Бофус, широко раскрыв глаза, кивнул.
— Так мы и сделали, и могу заверить моего герцога, что преданные ему члены ордена в состоянии справиться с Тьмой, когда — и если — она достигнет Ланти-Юма.
— Правда, Ваксальт?
— Даю вам честное благородное слово. Я сам со всем разберусь. Поэтому не волнуйтесь, ваша милость, и доверьтесь верному своему слуге. — Уверенность Валледжа была ничуть не напускной. Вооруженный тайным знанием, он говорил это с чистой совестью.
— Ваши слова — будто бальзам на душу! Ах, дорогой Ваксальт, ваши преданность и усердие делают вам честь, и я вам премного благодарен. Теперь, когда я точно знаю, что Ланти-Юму ничего не грозит, у меня куда легче на душе. Вот только насчет дочери… Где она? Отчего не пришлет весточку? Может, заболела, поранилась? Вдруг ей плохо и она нуждается в отцовской помощи? А что, если она умерла или окружена незнакомыми ей людьми, которые затаили недоброе против нее? Мое сердце тогда бы, наверное, разорвалось на части. Как тягостна эта неизвестность! Ваксальт, я должен узнать правду! Умоляю, прибегните к помощи магии.

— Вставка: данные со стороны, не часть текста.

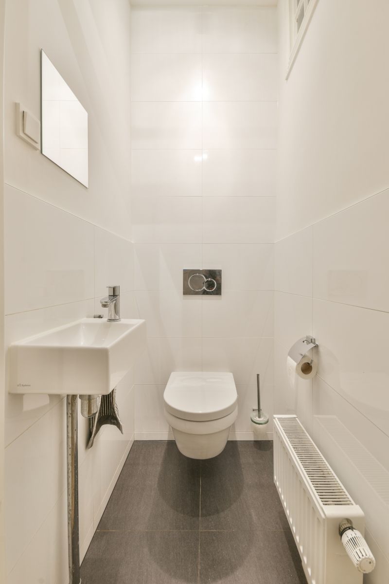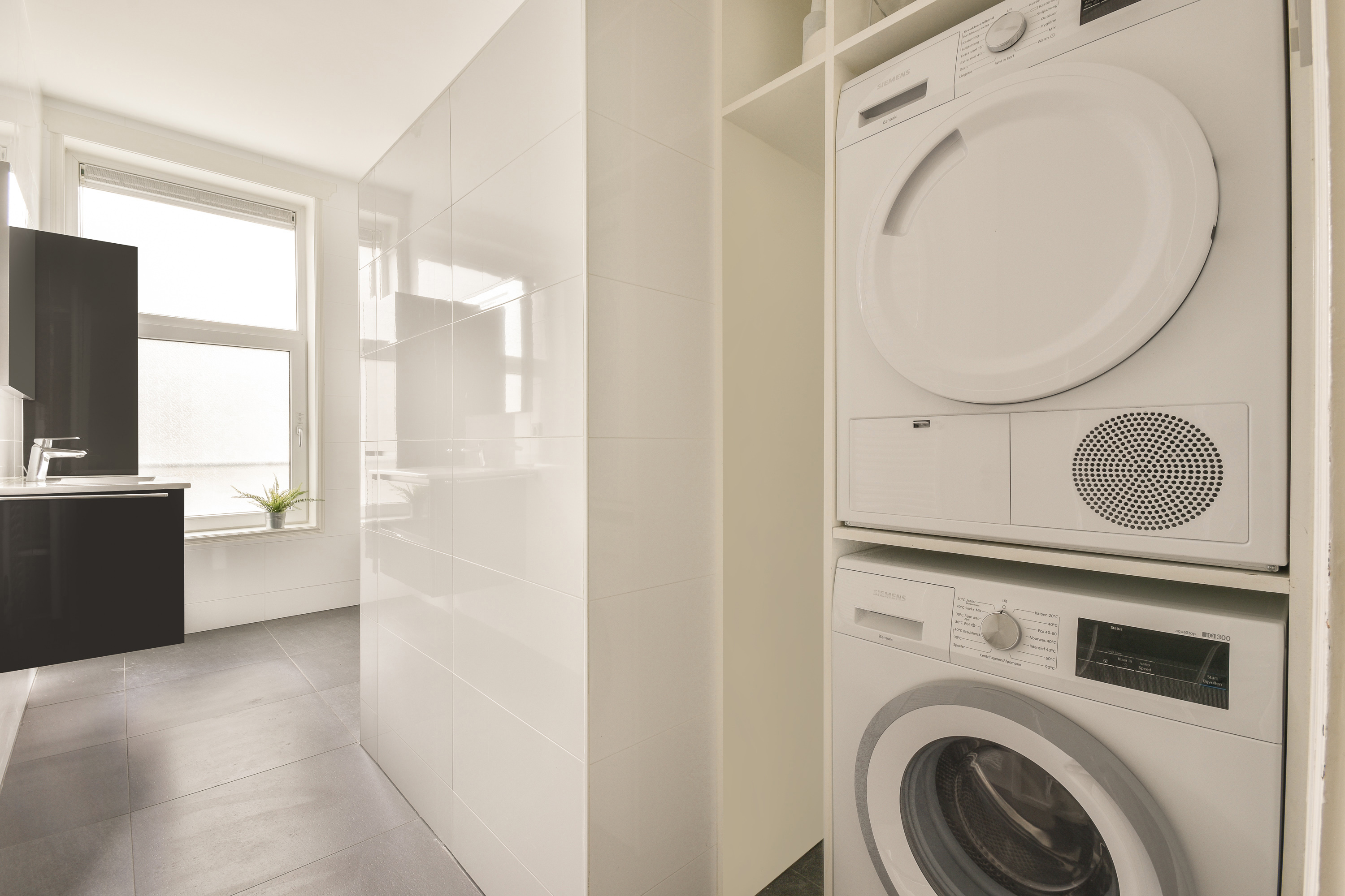The two bedrooms are both of a good size and enjoy pleasant natural light. The modern bathroom is tastefully finished and features a walk-in shower, a spacious vanity unit, and a designer radiator. There is also room for both a washing machine and a dryer. Additionally, there is a separate toilet in the hallway.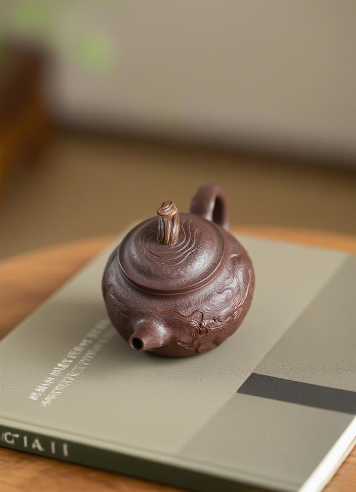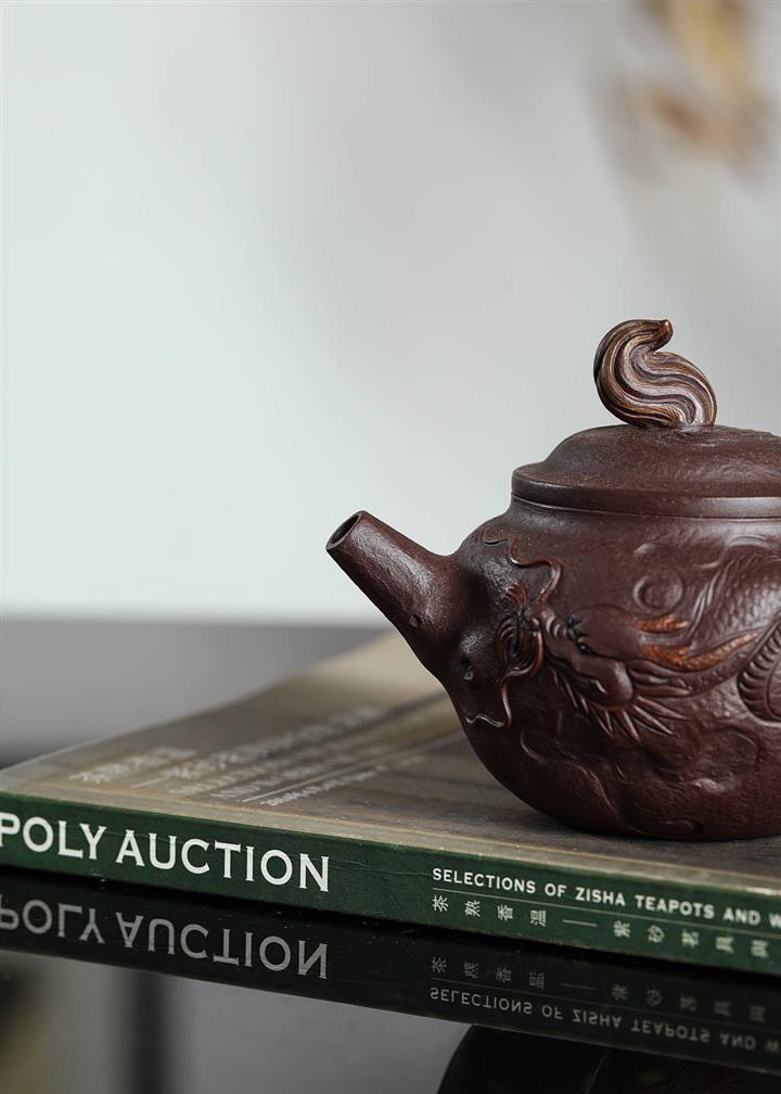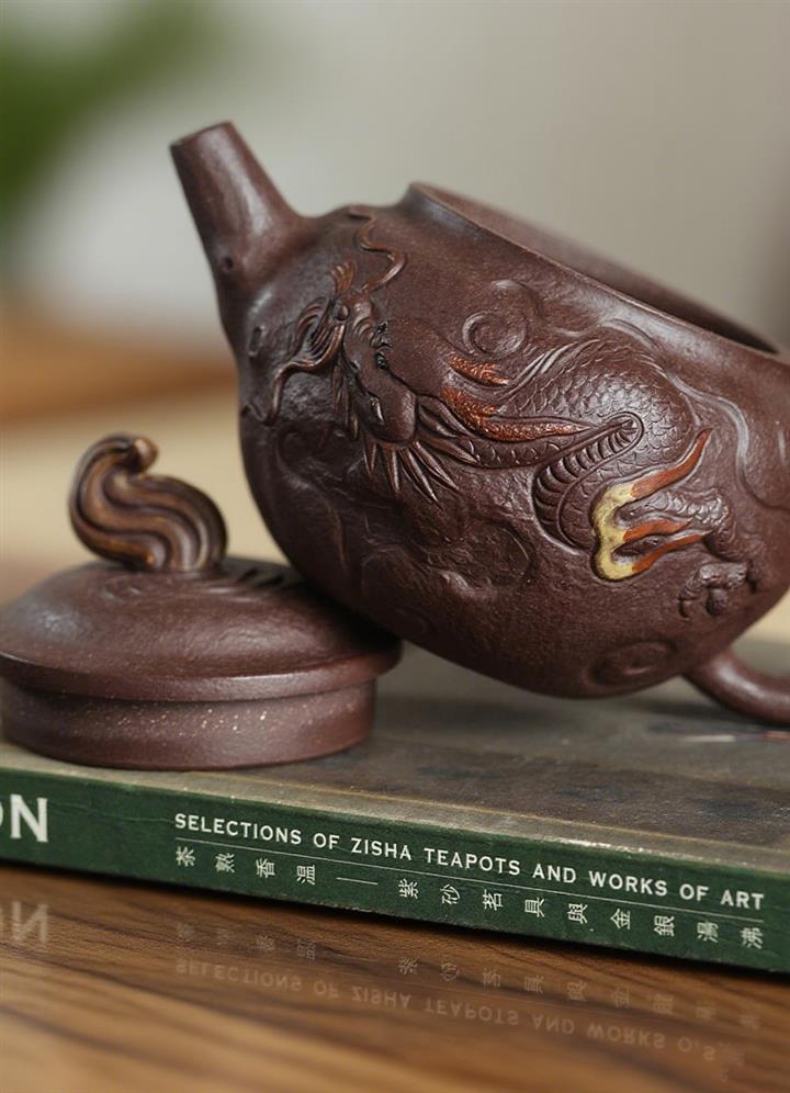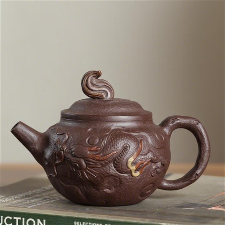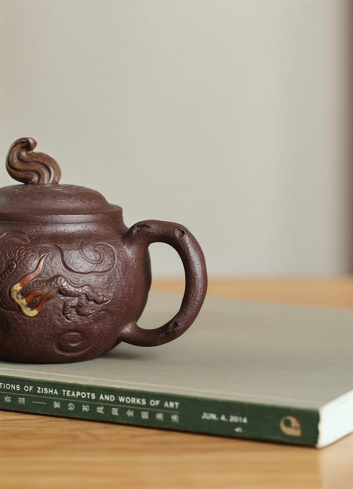 250cc原礦老紫泥浮雕祥龍戲珠茶壺POT7937

Глесс-Валледж заерзал, стараясь не обнаружить своего замешательства. Ему не хотелось признать, что его магические способности не безграничны, но в данном случае иного выхода не было.
— Ваша милость, предыдущие мои опыты нам ничего не дали, никаких зацепок. Если леди Каравайз находится за пределами города, обнаружить ее местонахождение я не в силах. Даже сильнейшее магическое видение не распространяется на большие расстояния.
— А вдруг она тайно вернулась в Ланти-Юм? Что, если она здесь, а мы о том не знаем?